Ben Shaw, co-founder and CEO of Vets First Choice

Vets First Choice, one of Maine’s most successful startups of the past decade, on Monday morning announced a merger deal that, if completed, is expected to create Maine’s newest—and largest, by revenue—publicly traded company.

The Portland-based animal health company founded in 2010 will merge with the animal health division of Henry Schein Inc., a Fortune 500 company with $12.5 billion in 2017 revenue. Henry Schein Inc. trades on the Nasdaq under the HSIC ticker symbol.

The plan is for Henry Schein to spin off Henry Schein Animal Health, which alone posted $3.5 billion in 2017 revenue, employs 4,300 people and counts veterinarian practices around the globe as customers. The newly formed spin-off company, which retains its public status, will then immediately merge with Vets First Choice, which employs 750 in the United States, with the majority based in Portland, according to a news release.

The newly formed publicly traded company will be headquartered in Portland and be called Vets First Corp.

Ben Shaw, Vets First Choice’s co-founder and CEO, will become CEO of the new company, while his father David Shaw, who he co-founded the company with and who serves as Vets First Choice’s chairman of the board, will serve as chairman of Vets First Corp. David Shaw is also founder of Idexx, Maine’s largest publicly traded company.

With estimated annual revenue of $3.6 billion, Vets First Corp. would become the largest publicly traded company in Maine, by revenue, surpassing Idexx Laboratories, which posted nearly $2 billion in revenue in 2017.

Interestingly, this merger deal could trigger further M&A activity that could lead to Vets First Corp. entering into direct competition with Idexx, predicted one Wall Street analyst (Mark Massaro of Cannacord Genuity). This is assuming that Vets First Corp., which will provide a comprehensive suite of services to veterinary practices, makes a strategic acquisition that allows it to also offer diagnostic services to veterinarian practices, which is Idexx’s business.

This complex merger transaction (more on the structure below) provides Vets First Choice with a path to becoming publicly traded while avoiding the time consuming and costly process of going public via an initial public offering,  a goal of the company’s that I have speculated about in the past.

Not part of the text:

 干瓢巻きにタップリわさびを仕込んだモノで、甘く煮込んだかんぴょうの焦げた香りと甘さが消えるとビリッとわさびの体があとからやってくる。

“We are early in the lifecycle of rapid technological change in the animal health market,” Shaw said in the release. “This merger creates an enhanced value chain that connects the veterinarian, the manufacturer, and the pet owner through insights and analytics that will support better clinical and financial outcomes. This new global animal health care company is focused on improving clinical compliance by facilitating the delivery of care how, when, and where the pet owner wants it.”

The players

Vets First Choice, founded in 2010, provides technology solutions and back-end pharmacy services to veterinary practices throughout the country. It has approximately 750 team members in the United States, with the majority based in Portland, and more than 5,100 veterinary practices on its prescription management platform. It posted $83.3 million in revenue in 2016, according to its application for inclusion on the Inc. 5,000 list.

The company last year raised $223 million from new and existing investors, which it said at the time would be used to fund an expansion into Europe and Asia. It also learned earlier this year that it would receive $9 million from the state to build new corporate facility in Portland. Those funds came from the Maine Technology Asset Fund 2.0, which contained the $45 million in proceeds from the R&D bond sale approved by voters last year.

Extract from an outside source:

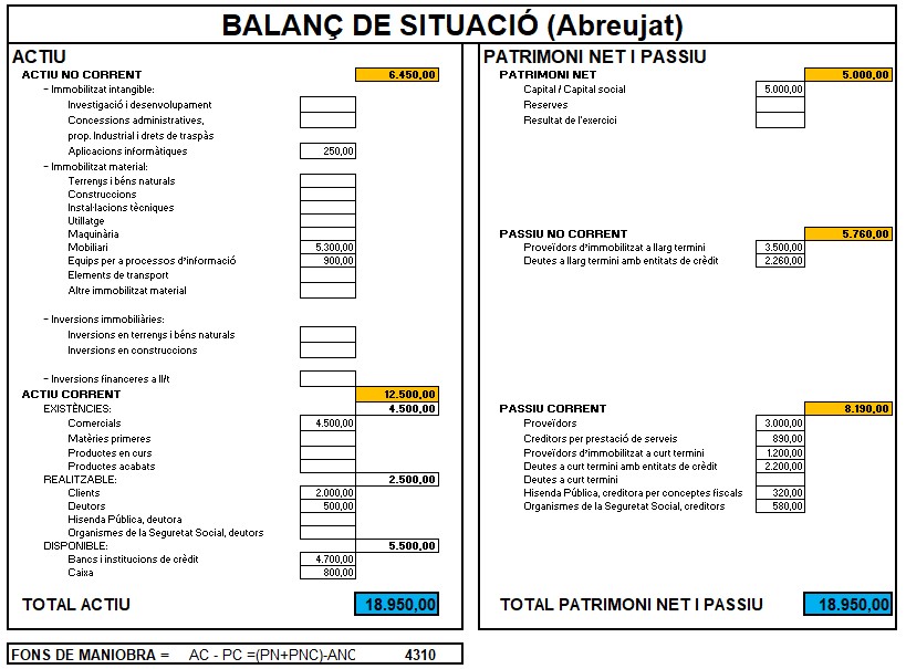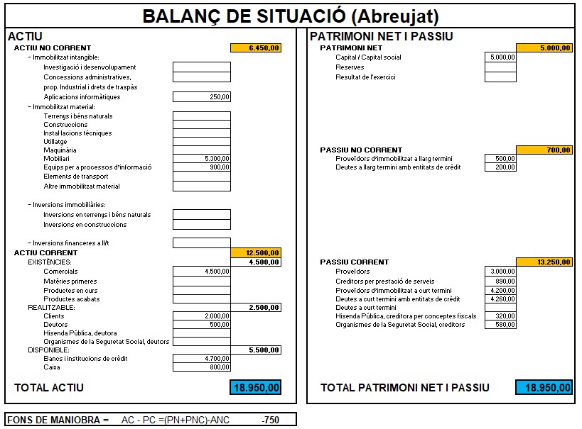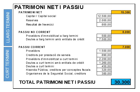 | Immobilitzat | 200.000 | Patrimoni net | 240.000 |

Henry Schein Inc. is headquartered in Melville, N.Y. It currently has operations or affiliates in 34 countries and its sales reached a record $12.5 billion in 2017, and have grown at a compound annual rate of approximately 15 percent since the company became publicly traded in 1995.

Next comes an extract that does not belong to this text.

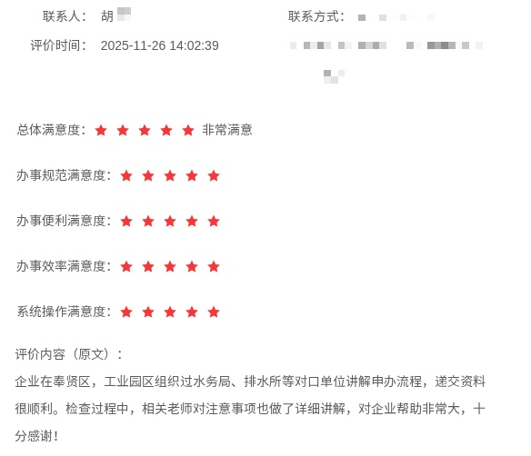 企业办理城镇污水排入排水管网许可留言“企业在奉贤区,工业园区组织过水务局、排水所等对口单位讲解申办流程,递交资料很顺利。检查过程中,相关老师对注意事项也做了详细讲解,对企业帮助非常大,十分感谢!”

The division it’s spinning off to merge with Vets First Choice is called Henry Schein Animal Health and has “market-leading positions” in North America, where it counts approximately 75% of veterinarians as “active customers,” and in Europe and Australia/New Zealand, where it has roughly 70% of veterinarians as customers, according to a news release. Henry Schein Animal Health also has a software platform that it claims more than 50% of veterinarian offices in the United States use to manage their office and customer engagement.

Details of the merger

The deal is structured as a “Reverse Morris Trust” transaction, which is a potentially tax-free way for a company (in this case, Henry Schein) to spin off a subsidiary and merge it with another (usually smaller) company (in this case, Vets First Choice).

Upon completion of the usual regulatory approvals, Henry Schein will spin off its animal health division, Henry Schein Animal Health, which will then immediately combine with Vets First Choice to form a new publicly traded company. 

Shares of the new company will be distributed to existing Henry Schein and Vets First Choice stockholders, with the majority (an estimated 63%) going to Henry Schein shareholders, according to the release. However, exact ownership percentages are subject to change as the deal moves through the regulatory and deal-making processes.

Equity incentives held by Vets First Choice employees will be converted into equity incentives in respect of shares of Vets First Corp., according to the release.

The transaction has already been unanimously approved by the boards of directors of both Henry Schein and Vets First Choice, and is expected to close by the end of 2018.